Sure, but isn't that the same as !dereferenceable then?

I thought the idea here was to be able to hoist the load of val out of the never-taken branch and still preserve the !unconditionally_dereferenceable attribute. That would mean if the example was a bit more complicated:

void bar(int* ptr) {
  int* k1 = foo1(ptr, true);
  // inlined int* k2 = foo_common(alloca(...), false);
  t = alloca(...)
  int* val;
  if (false) {
    val = *t, unconditionally_dereferenceable
    int k = *val;
    print(k)
  } else {
    val = *ptr
  }
}

(hoisting)

void bar(int* ptr) {
  int* k1 = foo1(ptr, true);
  // inlined int* k2 = foo_common(alloca(...), false);
  t = alloca(...)
  int* val;
  val = *t, unconditionally_dereferenceable
  if (false) {
    int k = *val;
    print(k)
  } else {
    val = *ptr
  }
}

(hoisting, since k is a load from a known dereferenceable pointer)

void bar(int* ptr) {
  int* k1 = foo1(ptr, true);
  // inlined int* k2 = foo_common(alloca(...), false);
  t = alloca(...)
  int* val;
  val = *t, unconditionally_dereferenceable
  int k = *val; // FAULT / UB
  if (false) {
    print(k)
  } else {
    val = *ptr
  }
}

@sanjoy Your example is being transformed as expected, from my POV. The idea is that an unconditionally dereferenceable load cannot be moved across a store that may-alias the pointer, and this lets one initialize it safely. Other than immediately after allocation, a pointer which is ever loaded like that must always be dereferenceable.

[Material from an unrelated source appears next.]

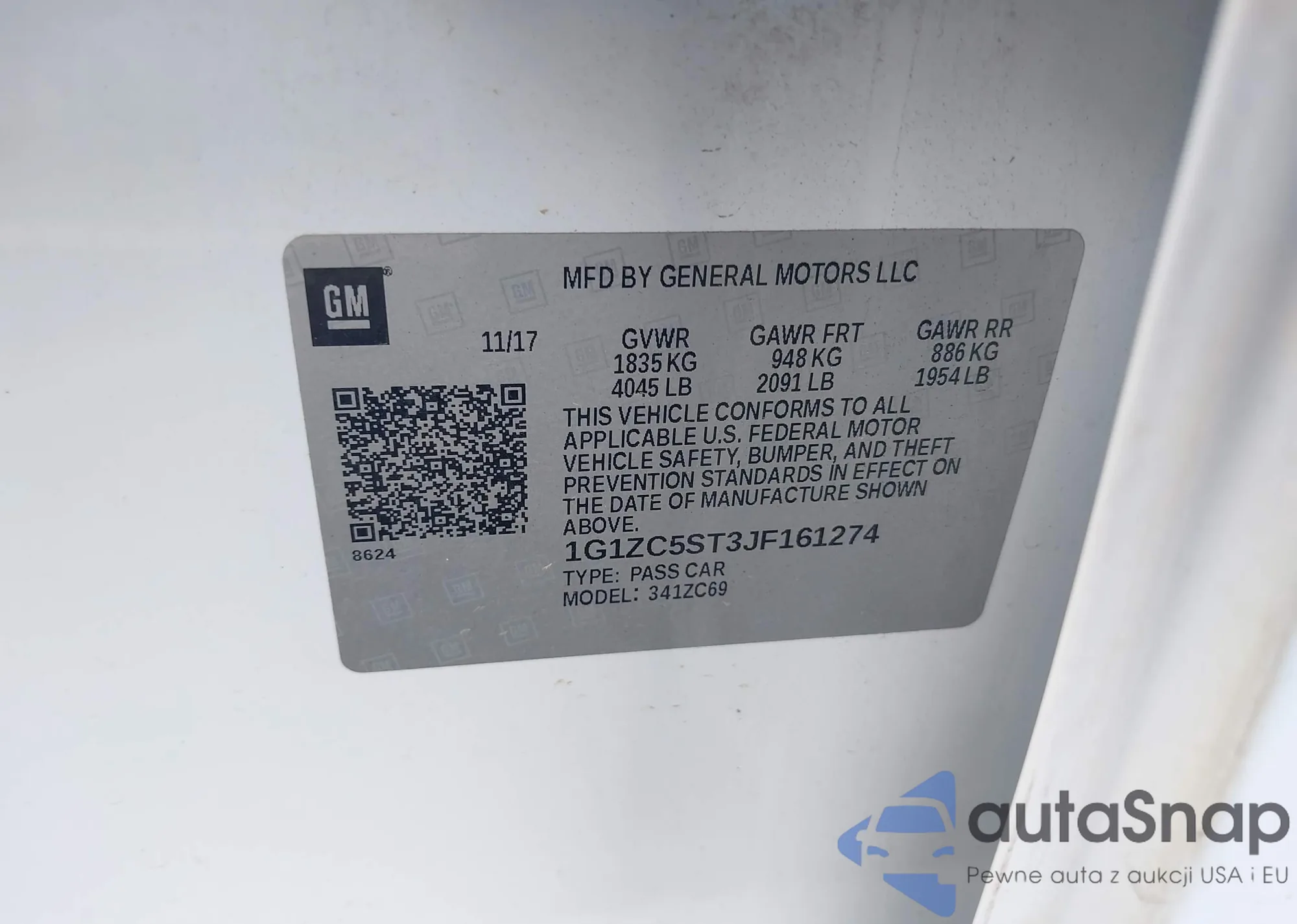 • VIN 1G11C5SL8EF128015

@sanjoy Your example is being transformed as expected, from my POV. The idea is that an unconditionally dereferenceable load cannot be moved across a store that may-alias the pointer, and this lets one initialize it safely. Other than immediately after allocation, a pointer which is ever loaded like that must always be dereferenceable.

(Sorry for the wall of text, but I've repeated things here to consolidate some of the previous arguments and present something coherent.)

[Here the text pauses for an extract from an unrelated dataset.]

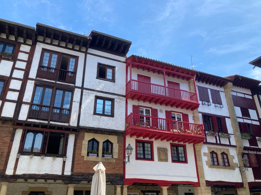 La place est magnifique car elle est composée de maisons à balcons rouges, bleus, verts et marron foncé.

Maybe we are talking about slightly different things, but I'm trying to avoid adding things to the IR that affect the IR semantics without executing. That is, the optimizer should be able to add if (false) { /* Whatever it wants as long as it syntactically correct. */ } and have it not affect what the program's behavior. I don't think there are any constructs in the IR today that allow this, and if there are, we should try to fix them, and not add more.

The way dead code can affect behavior using this construct is:

(snippet 1)

if (false) {
  %t0 = alloca i32*
  %t1 = load i32*, i32** %t0, !uncond_deref
  %t2 = load i32, i32* %t1
}

given the rules you're suggesting (IIUC) can be transformed to

%t0 = alloca i32*
%t1 = load i32*, i32** %t0, !uncond_deref
%t2 = load i32, i32* %t1
if (false) {
}

which will introduce a fault in the program.

I want to avoid the "dead-code-affects-semantics" problem because I think it will make the IR difficult to reason about and optimize. For instance, say we want to do some form of "checked devirtualization" (you compare the vtable of the receiver with some constant, and if that comparison succeeds, you do a direct call which can then be inlined alter, else you do a normal virtual call). That is:

func_ptr = rcvr->vtable[5];
func_ptr(40);

to

t = rcvr->vtable;
if (t == __STRING__) {
  foo(40);
} else {
  func_ptr = t[5];
  func_ptr(40);
}

The justification for the optimization above is that in case t is not == __STRING__ then the call to foo(40) is dead and won't affect the behavior of the program, and if t is == __STRING__ then you'd have called foo anyway. However, if the body of foo is (snippet 1) then the optimizer could end up introducing a fault in the program that wasn't there before after inlining foo.

Another example is here: https://reviews.llvm.org/D18738#390736

void bar(int* ptr) {
  int* k1 = foo1(ptr, true);
  // inlined int* k2 = foo_common(alloca(...), false);
  t = alloca(...)
  int* val;
  if (false) {
    val = *t, unconditionally_dereferenceable
  } else {
    val = *ptr
  }
}

The assumption is placed on the return value, and val would not unconditionally have the assumption, and so never will really, so there's not a problem here (AFAIKT).

Sure, but isn't that the same as !dereferenceable then?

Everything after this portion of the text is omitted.